Но подобная оговорка совершенно не законна в рамках логики, которую уже принял либеральный философ.

Во-первых, именно он развернул перед нами программу «развеществления» всех фоновых значений, то есть перевода их из безусловного статуса молчаливо принимаемого наследия в статус наследия, принимаемого лишь по "здравым индивидуальным размышлениям" — при условии, если меня лично это наследие устраивает и не стесняет. Во-вторых, с такой беззаботностью о культурном и моральном наследии еще допустимо рассуждать западноевропейцу, индивидуализм которого страхуют и корректируют доиндивидуалистические (добуржуазные) условия и богатства культуры. В случае же переноса этого индивидуализма на почву других, не подготовленных для этого культур фоновые коррекции индивидуалистического беспредела не срабатывают.

Итак, мы видим, что либеральное понятие автономного индивида как единственной социальной реальности, с которой отныне надлежит считаться, находится в прямо антагонистическом отношении с понятием народа. Концепт самодостаточной и самопроизвольной индивидности постоянно высвечивает в понятии народа (и обозначаемой им реальности) все новые признаки агрессивной архаики, не совместимой с либеральными ценностями. Так народ из естественной и самодостаточной субстанции, которая прежде просто не ставилась под сомнение, превращается в сложную составную конструкцию, подлежащую последовательной «деконструкции». Либеральная аналитика демонстрирует специфическую зоркость, недоступную прежнему «народническому» восприятию, к которому, мол, все с детства приучены.

Для нас, русских, это особенно интересно, ибо, как оказывается, русский народ сегодня выступает олицетворением той самой народности, которую либеральные деструктивисты исполнены решимости разъять окончательно. Стратегическая гипотеза современного мирового либерализма состоит в том, что русские являются последним оплотом народности как всемирно-исторического феномена, враждебного западному индивидуализму.

Во-первых, народ выиграет как хранитель коллективной исторической памяти, обязывающей каждого индивида к уважению и сохранению определенной традиции. "Преданья старины глубокой", "любовь к отеческим гробам" — это не просто особенность исторического романтизма, усвоенного по литературным источникам. Это тот тип культурного «подсознания», который мешает установлению системы универсального обмена и победе глобального рынка как не только экономической, но и социокультурной системы. Несущие в своей душе эти преданья и эту любовь стоят на том, что не все обменивается и не все продается. Есть вещи, которые не продаются ни за какую цену, — это вещи, освященные нашей сакрализованной памятью.

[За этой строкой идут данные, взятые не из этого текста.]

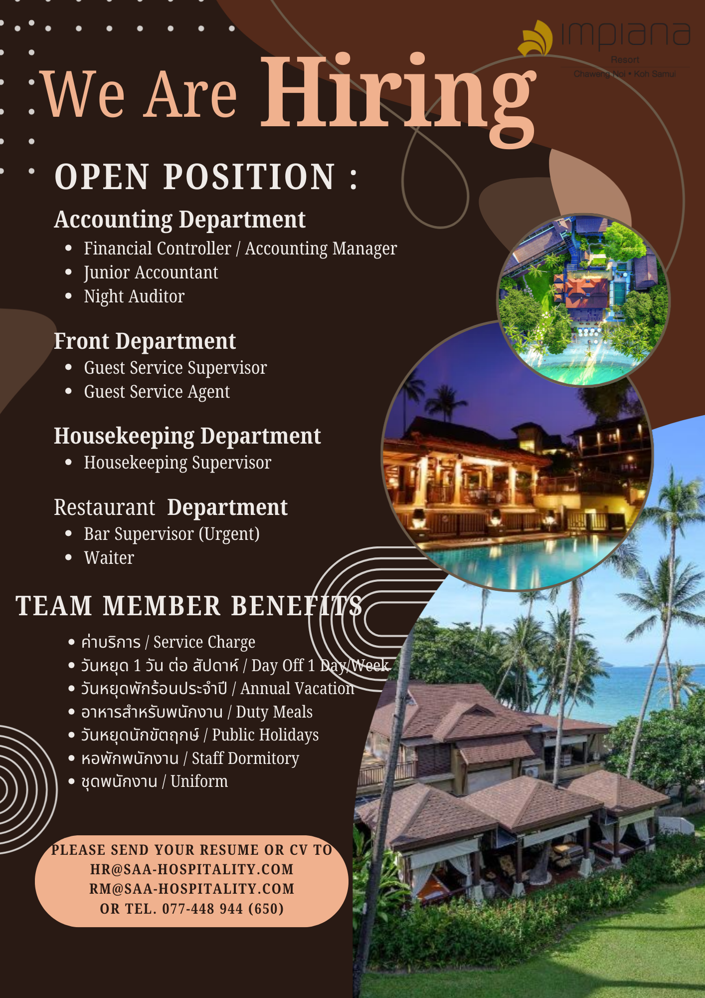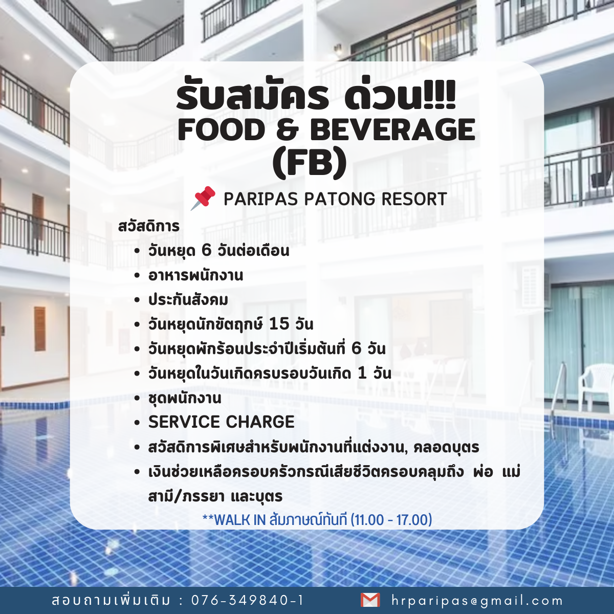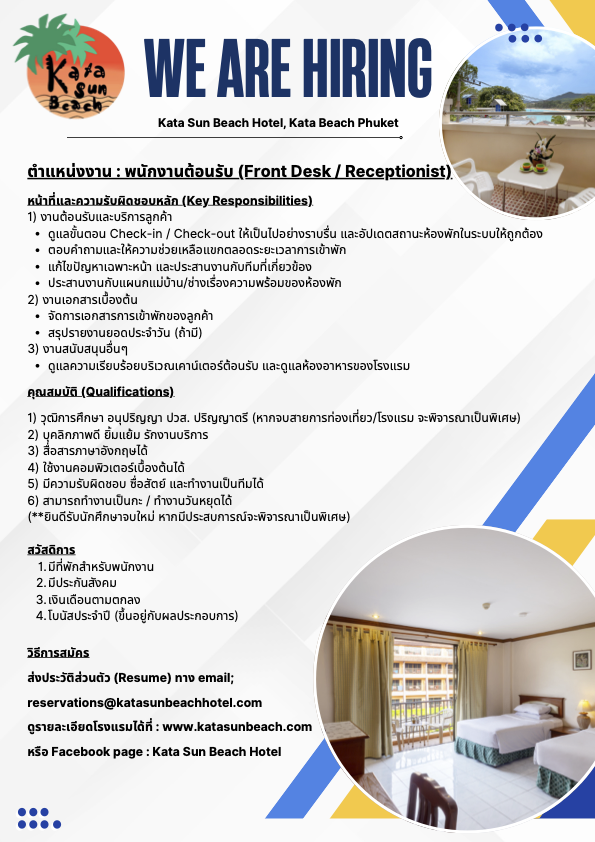 กรุณาส่งประวัติส่วนตัวมาที่ [email protected] หากท่านผ่านการพิจารณาเราจะติดต่อไปเพื่อนัดสัมภาษณ์
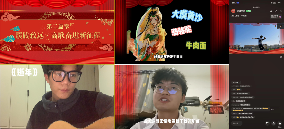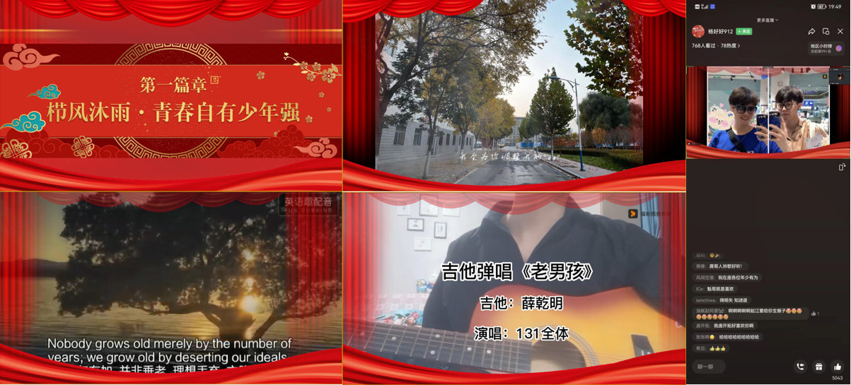 晚会在歌曲《如愿》中拉开序幕,表达了对祖国的祝福以及对新时代美好生活的期盼;舞蹈《After like》激情澎湃,活力的舞姿伴随着动感的音符舞出青春的时代风范,瞬间点燃了观众的激情;诙谐幽默的微视频《甘肃风光》通过独特视角,让大家品味到了甘肃传统文化之美,风趣的解说将场内气氛推向高潮;铿锵有力的朗诵《相信未来》,表演者用雄浑厚重的声音,展示出在逆境中,怎样好好地生活,怎样自我鼓励,怎样矢志不渝地恪守自己对明天的承诺,抒发了一代青年学子对党和国家的热爱,以异乎寻常的坚定和执着告诉我们:相信未来,热爱生命。
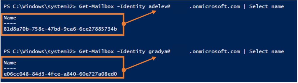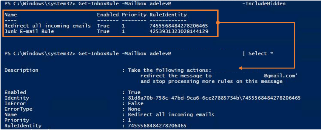 What’s interesting is that the ‘Caller‘ does not explicitly state who created the mailbox rule. However, it does suggest that this was done by a delegate as per the ‘on behalf of’. The randomized characters observed are unique identifiers that are often associated with a user object. To differentiate between the two and ascertain who is who, we can use the ‘Get-Mailbox’ cmdlet as per below to obtain the identifier for each user.
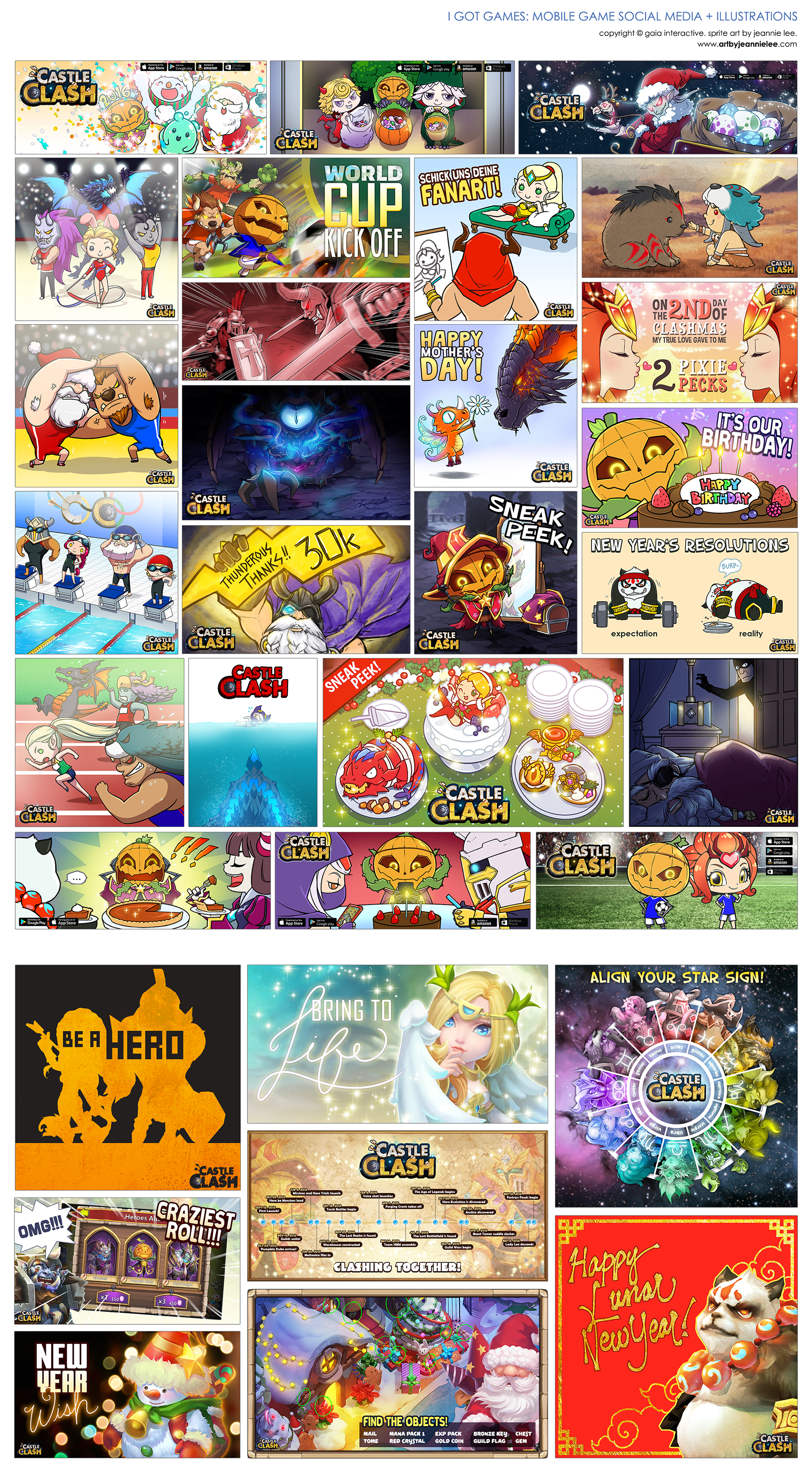 A collection of custom illustrations and social media graphics created for IGG's "Castle Clash" mobile game.

Такая память в принципе не может быть принадлежностью индивидуалистического типа сознания, и наоборот, пока она существует, последний не может утвердиться. Культурно-историческая память в индивидуалистическом горизонте превращает "вещи прошлого" в антиквариат — весьма ценимый на сегодняшнем мировом рынке. Казалось бы, здесь есть полное совпадение признаков: скрупулезность изучения и собирания реликтов прошлого, герменевтическая вживаемость в утраченный культурный контекст, даже личная сентиментальность здесь не исключены. Тем не менее противоположность налицо: приобщенность к коллективной культурной памяти народа рождает героев, приобщенность к наследию в индивидуалистическом ключе — антикваров как разновидность агентов современного постиндустриального рынка.

Во-вторых, народ оказывается хранителем общинного сознания в эпоху, когда общинность репрессирована политически, экономически и идеологически.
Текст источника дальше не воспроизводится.